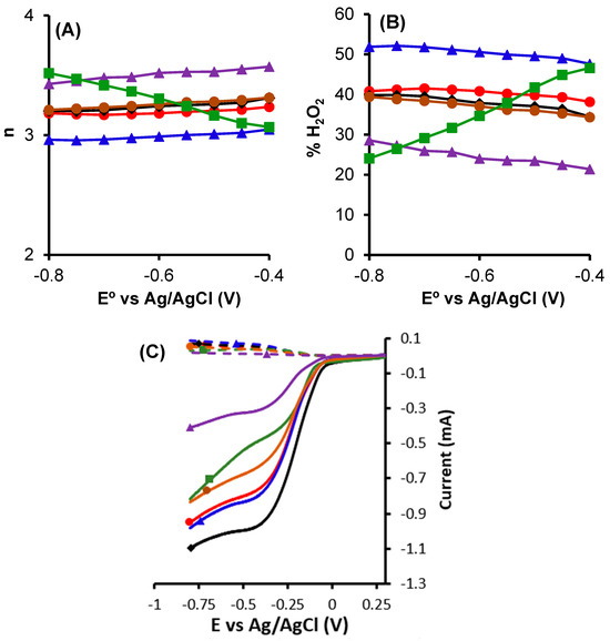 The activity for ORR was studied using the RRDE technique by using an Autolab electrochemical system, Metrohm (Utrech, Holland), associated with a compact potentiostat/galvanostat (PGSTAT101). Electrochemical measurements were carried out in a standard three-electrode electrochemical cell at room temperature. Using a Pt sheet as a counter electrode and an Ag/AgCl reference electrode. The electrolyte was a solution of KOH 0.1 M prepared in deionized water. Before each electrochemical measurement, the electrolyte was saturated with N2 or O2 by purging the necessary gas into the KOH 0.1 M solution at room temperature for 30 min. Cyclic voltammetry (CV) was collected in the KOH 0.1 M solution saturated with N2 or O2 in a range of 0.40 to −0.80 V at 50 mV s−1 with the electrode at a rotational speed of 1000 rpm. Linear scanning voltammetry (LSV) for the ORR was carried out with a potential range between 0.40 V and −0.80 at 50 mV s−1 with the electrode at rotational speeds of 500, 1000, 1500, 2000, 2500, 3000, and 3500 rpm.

==

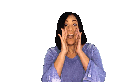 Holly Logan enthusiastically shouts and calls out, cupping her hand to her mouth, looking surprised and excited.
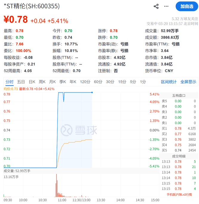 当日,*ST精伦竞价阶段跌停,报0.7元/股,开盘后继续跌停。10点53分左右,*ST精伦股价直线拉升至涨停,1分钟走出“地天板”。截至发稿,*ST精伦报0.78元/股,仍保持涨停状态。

--

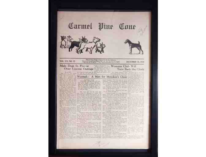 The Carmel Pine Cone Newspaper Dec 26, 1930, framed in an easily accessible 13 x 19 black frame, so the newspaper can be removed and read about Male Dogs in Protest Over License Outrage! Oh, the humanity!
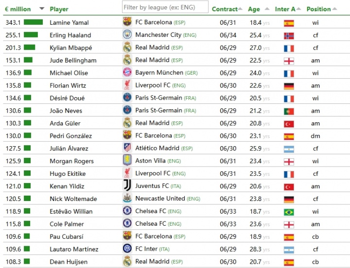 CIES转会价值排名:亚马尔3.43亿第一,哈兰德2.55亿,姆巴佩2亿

What the task asks
Set down exactly the lines above, from the line containing "The Carmel Pine" through the line containing "CIES转会价值排名:亚马尔3.43亿第一,哈兰德2.55亿,姆巴佩2亿". Skip the pictures.

Response to this task
 The Carmel Pine Cone Newspaper Dec 26, 1930, framed in an easily accessible 13 x 19 black frame, so the newspaper can be removed and read about Male Dogs in Protest Over License Outrage! Oh, the humanity!
 CIES转会价值排名:亚马尔3.43亿第一,哈兰德2.55亿,姆巴佩2亿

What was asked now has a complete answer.